John Blanchette: Average shouldn’t be rewarded
PULLMAN – Time to update the Washington State rally cry to … finished.
As in done.
Spent.
Co … oked.
You thought I was going to say something else, right?
Well, it isn’t anything like that, really. The fatalism and inevitability which spawned that old slur are completely contrary to the notion that the Cougar football family carried into this November – that there was no way they wouldn’t be discussing the relative destination merits of El Paso, Las Vegas, San Francisco or Honolulu today.
Because this team had learned to finish, right?
Uh, sorry.
This team is finished.
Done.
Co … llapsed.
To complete an end-of-season swoon of almost unfathomable Cougness on Saturday, Wazzu surrendered a passel of astonishing plays – Immaculate Reception-quality in one case – to a team heretofore incapable of making any plays at all. The upshot of Washington’s 35-32 Apple Cup triumph at sold out Martin Stadium isn’t just that the Cougars aren’t, in all likelihood, going to a bowl game after all, it’s that they shouldn’t be going to a bowl game.
OK, maybe the upshot is that there shouldn’t be bowl rewards for incredibly average teams, but with 32 games to fill that’s exactly the case – which is how the Cougs can even hope to hope.
Don’t. Bless all you achieved in September and October, fellas, but it needs to be over.
Not that they’re willing to let go. Coach Bill Doba – suggesting the Cougars “played their fannies off” even as they gave up 35 points to a team that scored exactly three against pitiful Stanford a week ago – pointed out that not every team sprints to the finish in college football.
“Look at the scores throughout the country,” he said. “It happens all the time.”
Well, yes. Colorado last year comes to mind. But it’s doubtful any coach would want to enter that into evidence, for obvious reasons.
Likewise, quarterback Alex Brink didn’t hesitate to endorse Wazzu’s worthiness.
“Look at what this team has done, battling through injuries and giving itself a chance when nobody thought we’d be here to begin with,” he said. “People are going to say it’s a disappointment and, yeah, in some cases it is. But tell me before the season if (this) is a disappointment.”
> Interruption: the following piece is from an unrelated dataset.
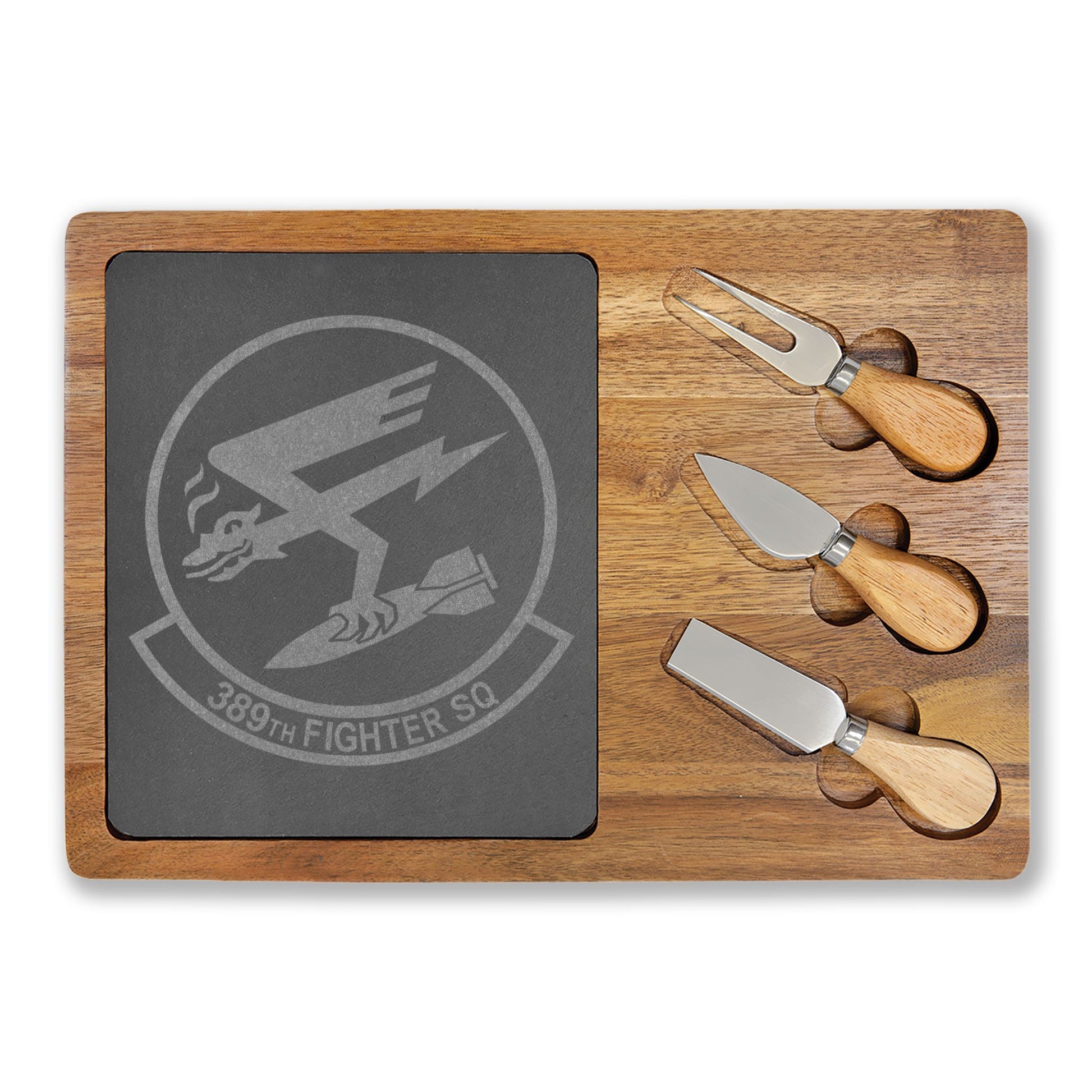 Engraved Charcuterie Board with Slate Inlay & 3-Piece Cheese Knife Set — 389FS T-Bolts Logo

No, that’s not how it works. Yes, it’s a two-win gain on the disaster of 2005. But show me one Coug who, in August, set 6-6 as a goal this season.
Then find me one who thought it was OK three weeks ago.
The Cougars have endured their share of evil Novembers, but there hasn’t been a disintegration like this since 1989, when they went from 6-1 and ranked 15th to 6-5 and home for Christmas. Then it got blamed on a single injury – to receiver Tim Stallworth. By comparison, these Cougars endured savage attrition, but they had endured it through a 6-3 start and were looking at three games remaining against teams that, at the time, were 5-11 in the Pac-10.
“But I said a long time ago, we could win the rest or lose the rest,” Doba said. “I didn’t think we’d lose the last three. I thought we’d get this one, obviously.”
Maybe that was part of the problem, again.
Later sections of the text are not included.